[EXERCISE AIM]
Set down every line of the data exactly, skipping the pictures.

[SOURCE DATA]
········

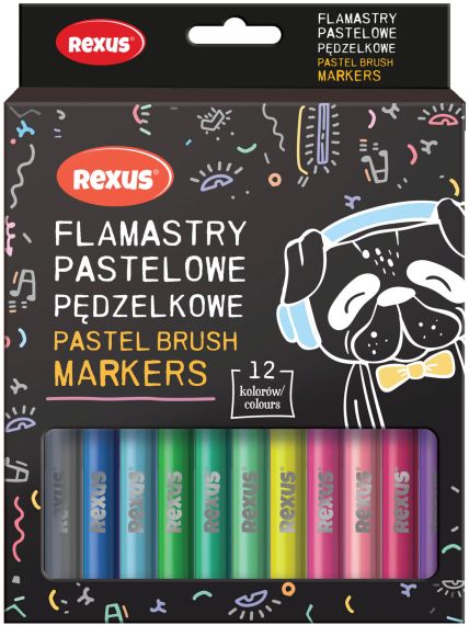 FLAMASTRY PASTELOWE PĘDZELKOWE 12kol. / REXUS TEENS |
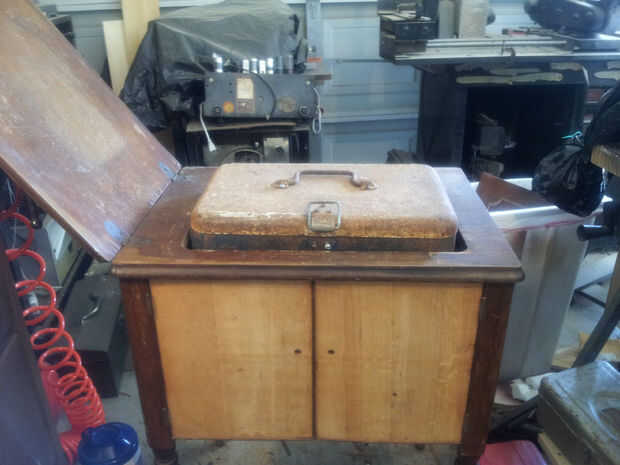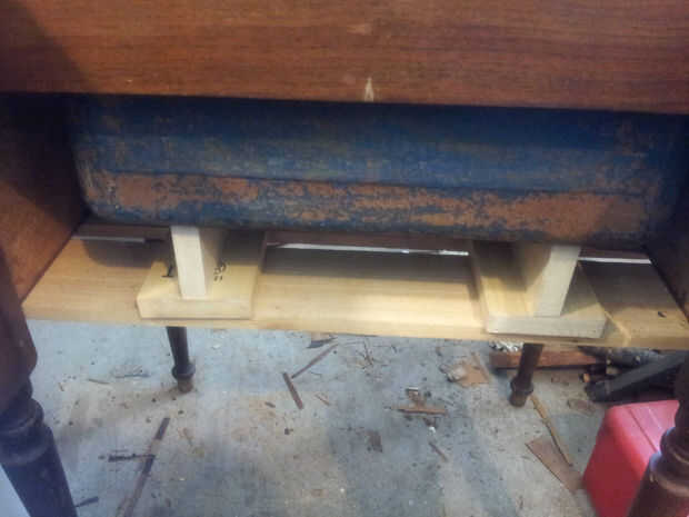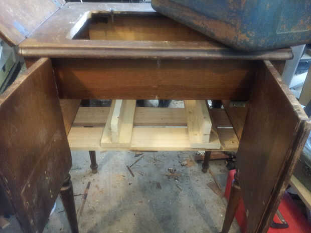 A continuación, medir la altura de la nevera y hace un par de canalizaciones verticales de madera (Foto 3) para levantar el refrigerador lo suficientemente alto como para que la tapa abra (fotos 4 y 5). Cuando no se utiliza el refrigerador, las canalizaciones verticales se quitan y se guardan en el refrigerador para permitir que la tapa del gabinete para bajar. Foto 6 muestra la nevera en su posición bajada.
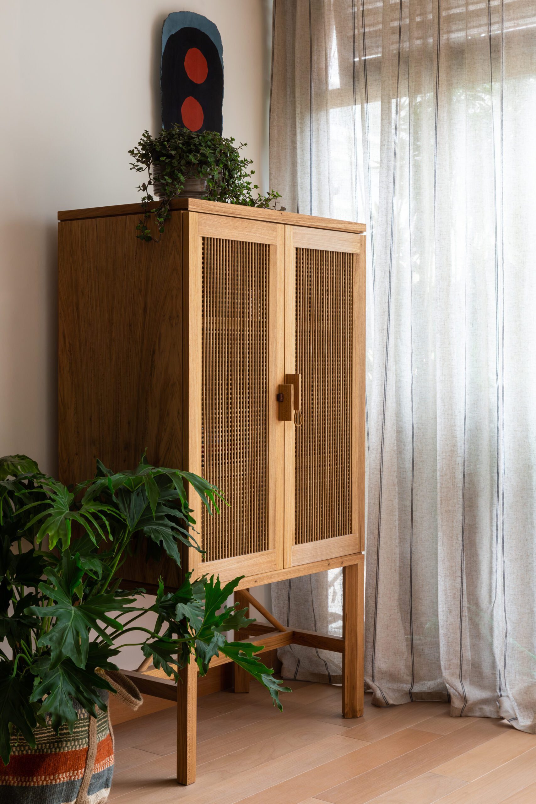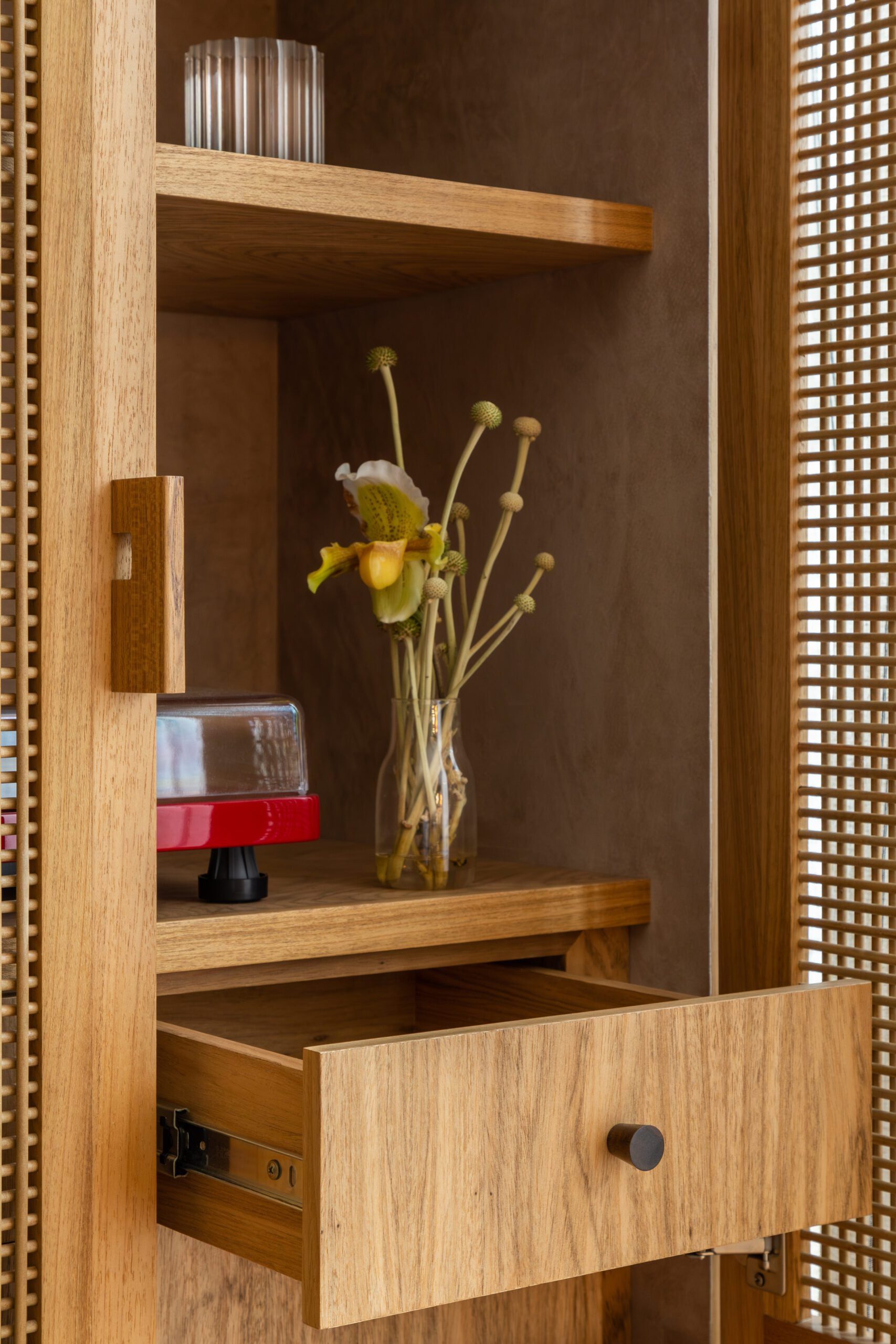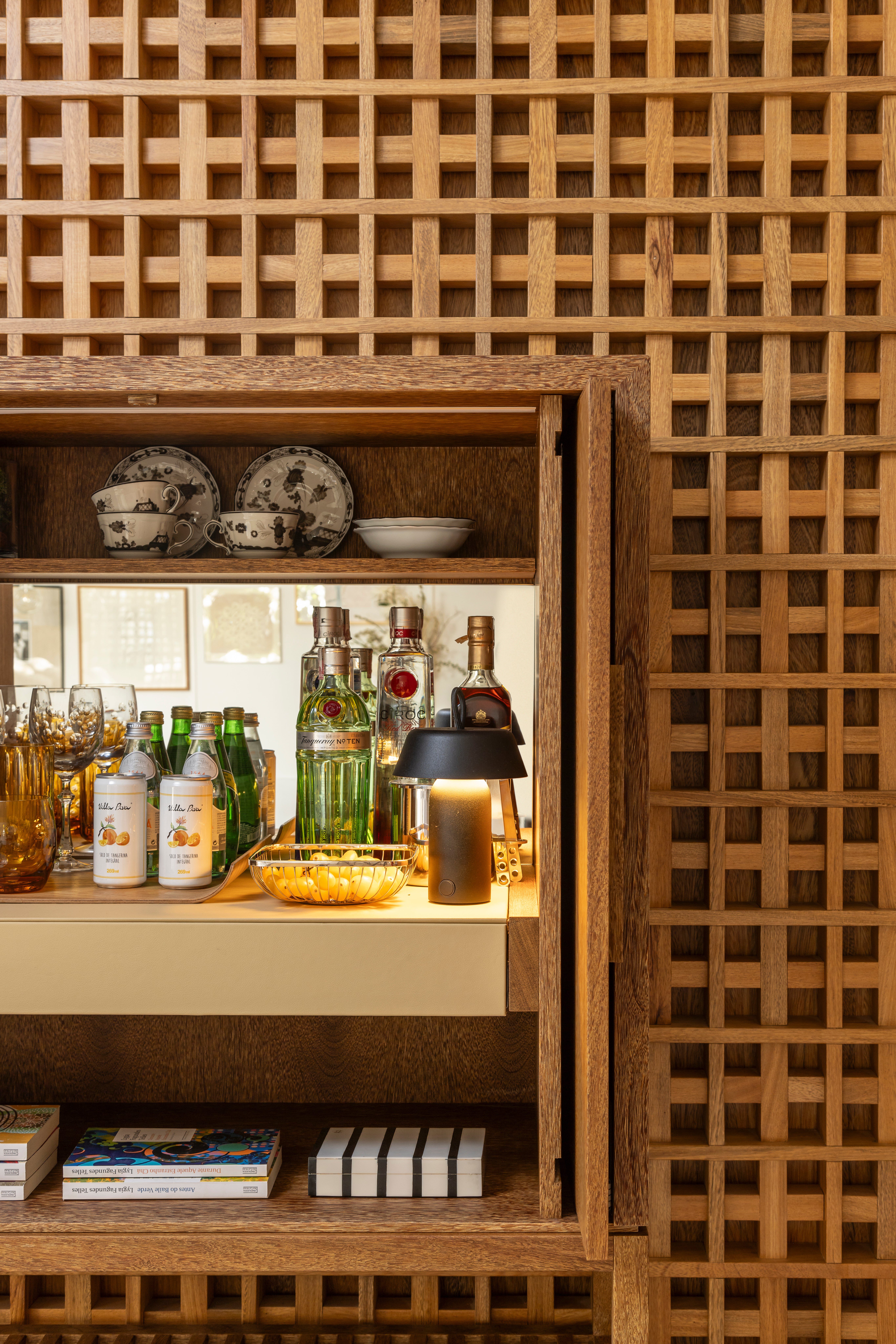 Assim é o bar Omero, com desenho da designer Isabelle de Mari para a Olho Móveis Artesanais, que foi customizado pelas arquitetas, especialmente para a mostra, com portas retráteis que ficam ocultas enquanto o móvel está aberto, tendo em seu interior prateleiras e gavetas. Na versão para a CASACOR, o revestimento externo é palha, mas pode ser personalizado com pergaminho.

········

[FINISHED EXERCISE]
 FLAMASTRY PASTELOWE PĘDZELKOWE 12kol. / REXUS TEENS |
 A continuación, medir la altura de la nevera y hace un par de canalizaciones verticales de madera (Foto 3) para levantar el refrigerador lo suficientemente alto como para que la tapa abra (fotos 4 y 5). Cuando no se utiliza el refrigerador, las canalizaciones verticales se quitan y se guardan en el refrigerador para permitir que la tapa del gabinete para bajar. Foto 6 muestra la nevera en su posición bajada.
 Assim é o bar Omero, com desenho da designer Isabelle de Mari para a Olho Móveis Artesanais, que foi customizado pelas arquitetas, especialmente para a mostra, com portas retráteis que ficam ocultas enquanto o móvel está aberto, tendo em seu interior prateleiras e gavetas. Na versão para a CASACOR, o revestimento externo é palha, mas pode ser personalizado com pergaminho.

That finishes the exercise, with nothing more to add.